_INFORMATION GIVEN_.
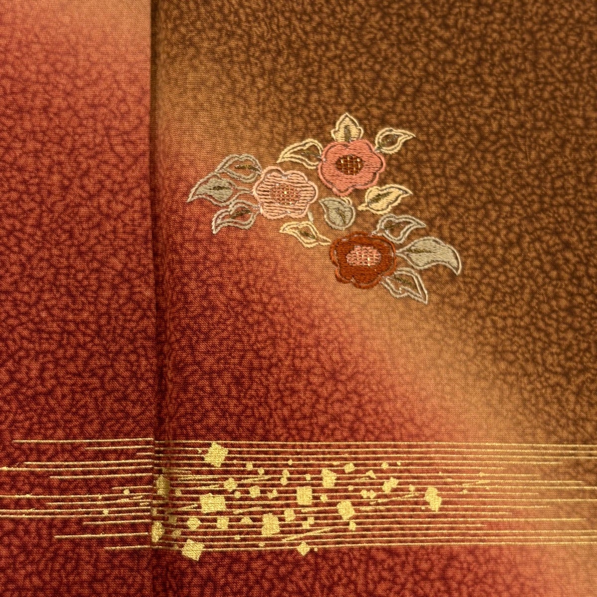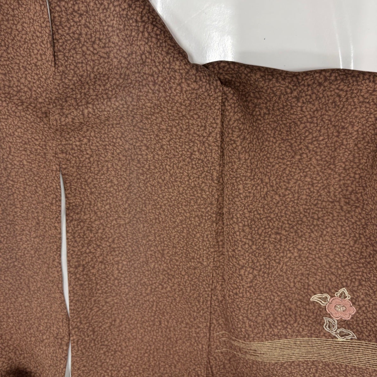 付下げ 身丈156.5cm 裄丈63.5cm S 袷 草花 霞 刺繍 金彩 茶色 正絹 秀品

...

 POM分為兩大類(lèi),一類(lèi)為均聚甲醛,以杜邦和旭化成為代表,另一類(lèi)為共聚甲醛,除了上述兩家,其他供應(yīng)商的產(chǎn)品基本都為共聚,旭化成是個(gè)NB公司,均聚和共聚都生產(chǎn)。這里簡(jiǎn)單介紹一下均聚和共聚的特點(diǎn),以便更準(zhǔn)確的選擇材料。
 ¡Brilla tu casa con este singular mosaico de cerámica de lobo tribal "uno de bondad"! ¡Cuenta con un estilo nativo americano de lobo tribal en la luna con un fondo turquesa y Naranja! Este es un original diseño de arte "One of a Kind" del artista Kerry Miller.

_WORK INSTRUCTIONS_.
All lines in the data above from the one with "POM分為兩大類(lèi),一類(lèi" through the one with "artista Kerry Miller." must be repeated exactly, and no others.

_EXERCISE SOLUTION_.
 POM分為兩大類(lèi),一類(lèi)為均聚甲醛,以杜邦和旭化成為代表,另一類(lèi)為共聚甲醛,除了上述兩家,其他供應(yīng)商的產(chǎn)品基本都為共聚,旭化成是個(gè)NB公司,均聚和共聚都生產(chǎn)。這里簡(jiǎn)單介紹一下均聚和共聚的特點(diǎn),以便更準(zhǔn)確的選擇材料。
 ¡Brilla tu casa con este singular mosaico de cerámica de lobo tribal "uno de bondad"! ¡Cuenta con un estilo nativo americano de lobo tribal en la luna con un fondo turquesa y Naranja! Este es un original diseño de arte "One of a Kind" del artista Kerry Miller.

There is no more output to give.